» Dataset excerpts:
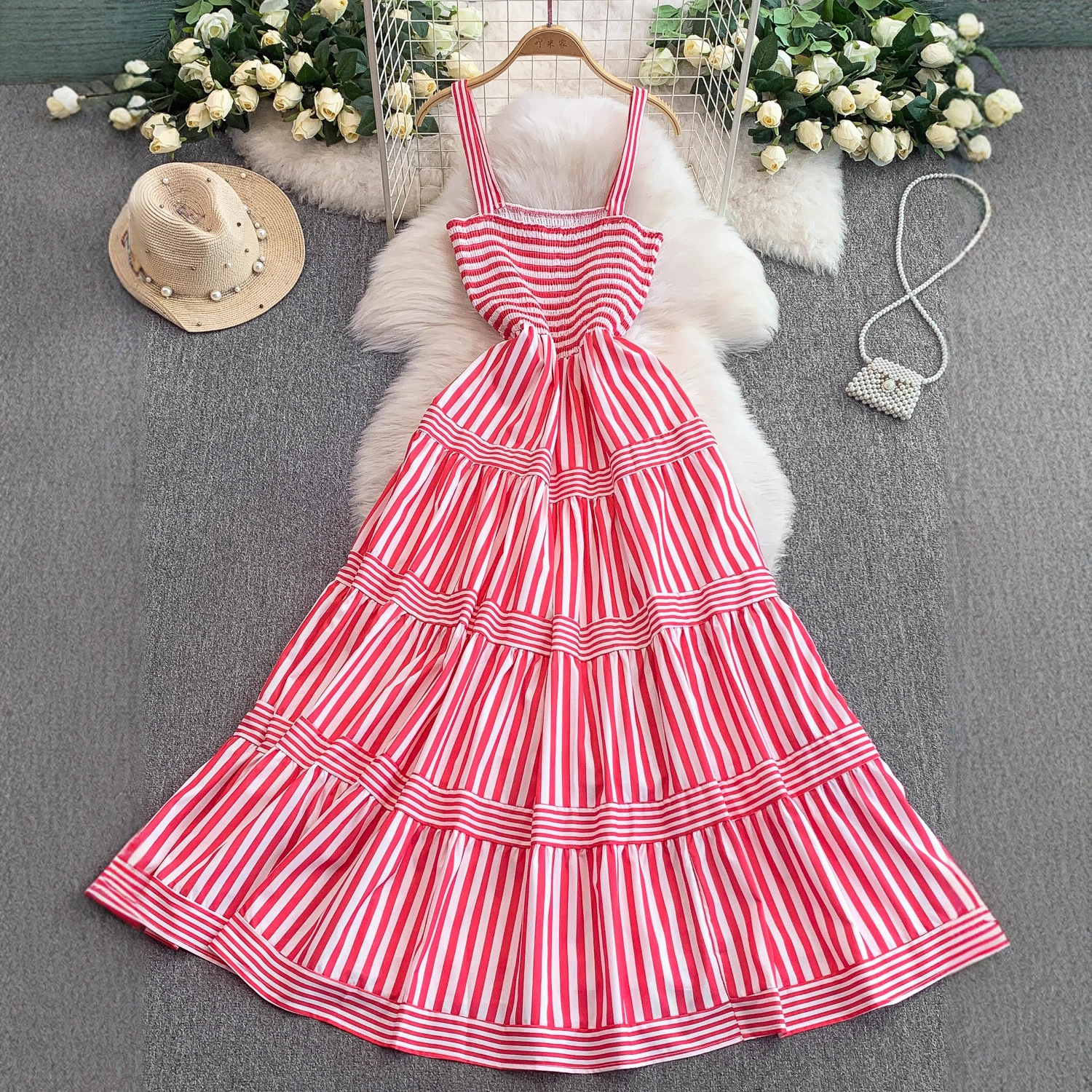 外贸韩系温柔粉色条纹吊带连衣裙女夏季复古设计松紧收腰显瘦大摆
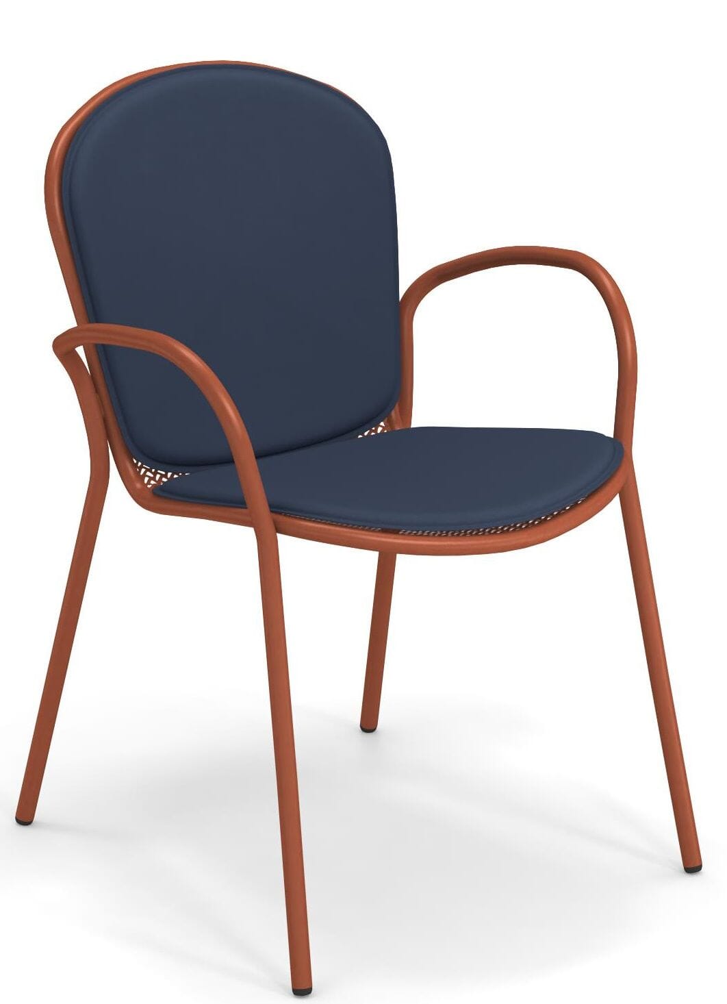 Collection Ronda X. La collection Ronda X se compose d'une chaise, d'un fauteuil et d'un tabouret. La structure est en tube de fer et la surface du dossier en métal déployé galvanisé à chaud. Semelles intérieures en nylon. Le drap est rendu doux par la forme, qui suit les courbes du corps, et par le dessin qui rappelle un tissu. Le fauteuil utilise des technologies modernes comme la double courbure, qui, tout en conservant la simplicité du simple tubulaire pour les jambes et les accoudoirs, permet d'amplifier le confort avec l'accoudoir qui se prolonge jusqu'au corps pour soutenir le coude. La forme de l'accoudoir rappelle les courbes du dossier et l'inclinaison vers le dos suit l'ergonomie de l'utilisateur. Grâce au jeu des tubes parallèles et des courbes entre la coque et l'accoudoir, le caractère enveloppant qui distingue le fauteuil émerge. Prétraitement, cataphorèse, finition en poudre thermodurcissable.
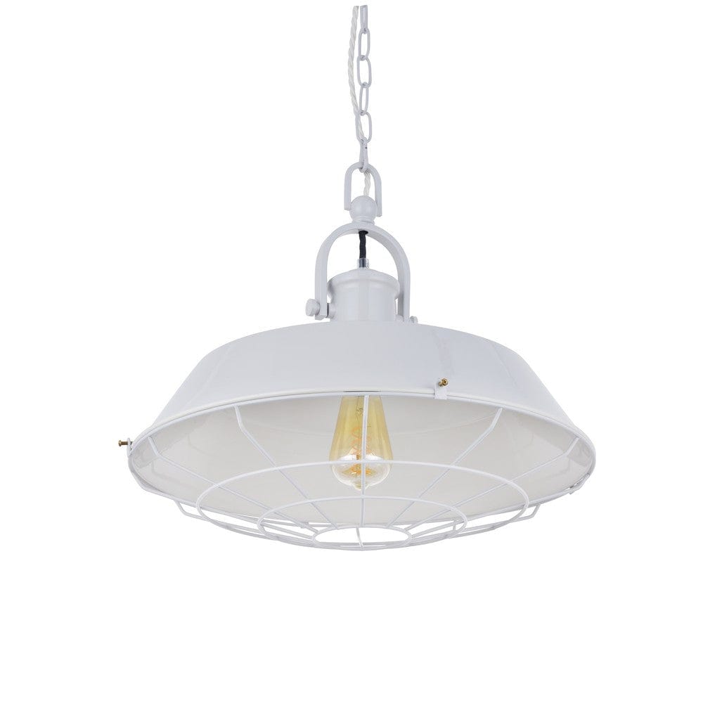 The ultimate in industrial styling, this Brewer Cage Industrial Pendant Light in Pale Greyis hand finished in paint to emulate a timeless enamelled look, with natural subtle imperfections to give the light authenticity and charm.
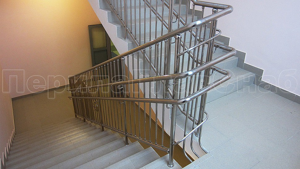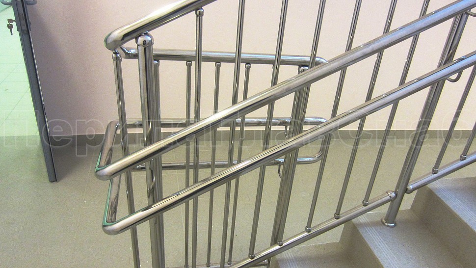 • У лестницы же стойки имеют высоту чуть большую — 950 мм, труба Ø38 мм. Устанавливаются на расстояние через две ступени в третью, на прямых участках не более 1000 мм друг от друга. Наконечник выполнен в декоративном стиле в виде сферы. Для большей безопасности установлены семь ригелей между стойками, и, в отличие от пандуса, они крепятся к стойке сваркой снизу и установлены вертикально. Поручень двойной диаметром 38 мм установлен на высоте 700 мм и 900 мм, крепится к стойке на выносных держателях и на поворотах завязан бубликом.
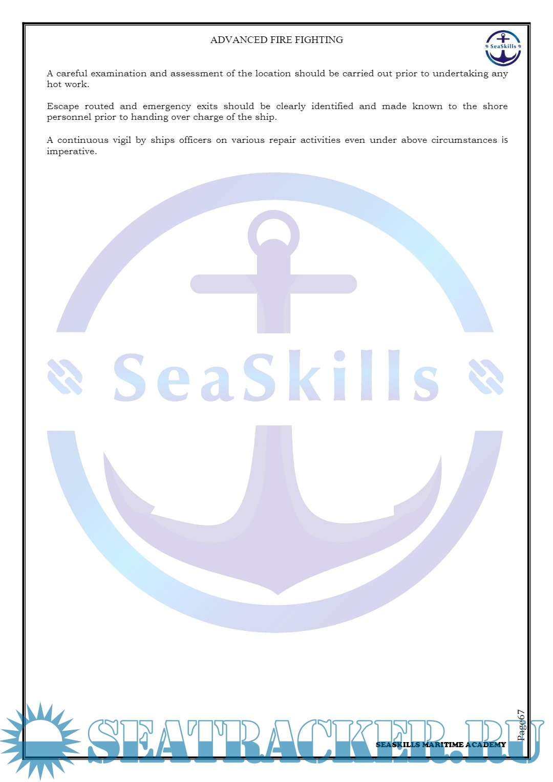 Year: 20xx Language: english Author: Seaskills Maritime Academy Genre: Training courses Publisher: Seaskills Maritime Academy, Coimbatore, India Format: PDF Quality: eBook Pages count: 138 Description: Advanced Fire Fighting training course handout.
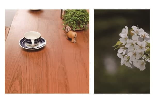 アメリカンチェリーがなる木のブラックチェリー。特徴はなんといっても木目の色合いの変化です。 時間が経つにつれ光沢ある赤みを帯びていきます。家具以外で有名なのは映画「Shall we ダンス?」の 舞台となったダンスホールの床材です。
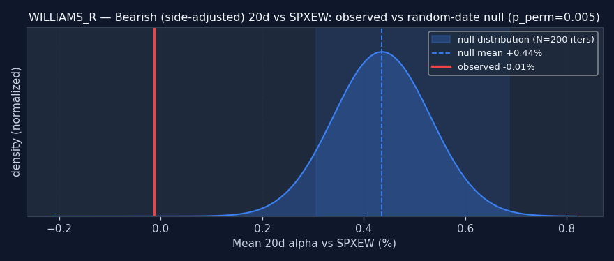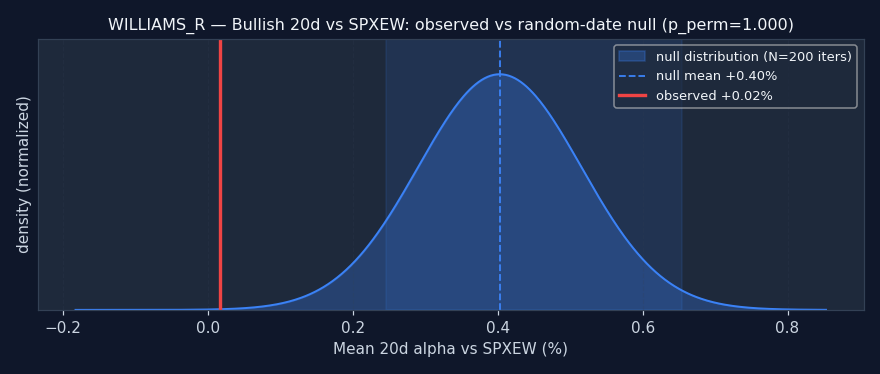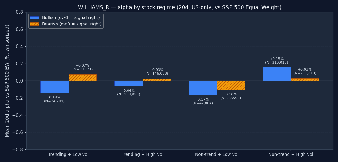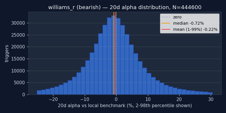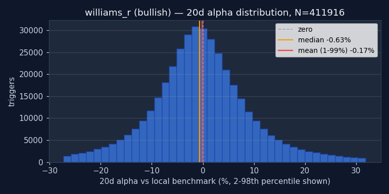 Caution recommended. Bullish 20d alpha is -0.17% and worse than random — triggering on random dates would have produced better long-side returns. Either direction fails the "beats random" test. Don't use Williams %R as a standalone entry trigger. It may still be useful as part of a composite (section 4).

» Activity: The copy you produce must match the entries above exactly, except that it has no pictures.

» Exercise response:
 外贸韩系温柔粉色条纹吊带连衣裙女夏季复古设计松紧收腰显瘦大摆
 Collection Ronda X. La collection Ronda X se compose d'une chaise, d'un fauteuil et d'un tabouret. La structure est en tube de fer et la surface du dossier en métal déployé galvanisé à chaud. Semelles intérieures en nylon. Le drap est rendu doux par la forme, qui suit les courbes du corps, et par le dessin qui rappelle un tissu. Le fauteuil utilise des technologies modernes comme la double courbure, qui, tout en conservant la simplicité du simple tubulaire pour les jambes et les accoudoirs, permet d'amplifier le confort avec l'accoudoir qui se prolonge jusqu'au corps pour soutenir le coude. La forme de l'accoudoir rappelle les courbes du dossier et l'inclinaison vers le dos suit l'ergonomie de l'utilisateur. Grâce au jeu des tubes parallèles et des courbes entre la coque et l'accoudoir, le caractère enveloppant qui distingue le fauteuil émerge. Prétraitement, cataphorèse, finition en poudre thermodurcissable.
 The ultimate in industrial styling, this Brewer Cage Industrial Pendant Light in Pale Greyis hand finished in paint to emulate a timeless enamelled look, with natural subtle imperfections to give the light authenticity and charm.
 • У лестницы же стойки имеют высоту чуть большую — 950 мм, труба Ø38 мм. Устанавливаются на расстояние через две ступени в третью, на прямых участках не более 1000 мм друг от друга. Наконечник выполнен в декоративном стиле в виде сферы. Для большей безопасности установлены семь ригелей между стойками, и, в отличие от пандуса, они крепятся к стойке сваркой снизу и установлены вертикально. Поручень двойной диаметром 38 мм установлен на высоте 700 мм и 900 мм, крепится к стойке на выносных держателях и на поворотах завязан бубликом.
 Year: 20xx Language: english Author: Seaskills Maritime Academy Genre: Training courses Publisher: Seaskills Maritime Academy, Coimbatore, India Format: PDF Quality: eBook Pages count: 138 Description: Advanced Fire Fighting training course handout.
 アメリカンチェリーがなる木のブラックチェリー。特徴はなんといっても木目の色合いの変化です。 時間が経つにつれ光沢ある赤みを帯びていきます。家具以外で有名なのは映画「Shall we ダンス?」の 舞台となったダンスホールの床材です。
 Caution recommended. Bullish 20d alpha is -0.17% and worse than random — triggering on random dates would have produced better long-side returns. Either direction fails the "beats random" test. Don't use Williams %R as a standalone entry trigger. It may still be useful as part of a composite (section 4).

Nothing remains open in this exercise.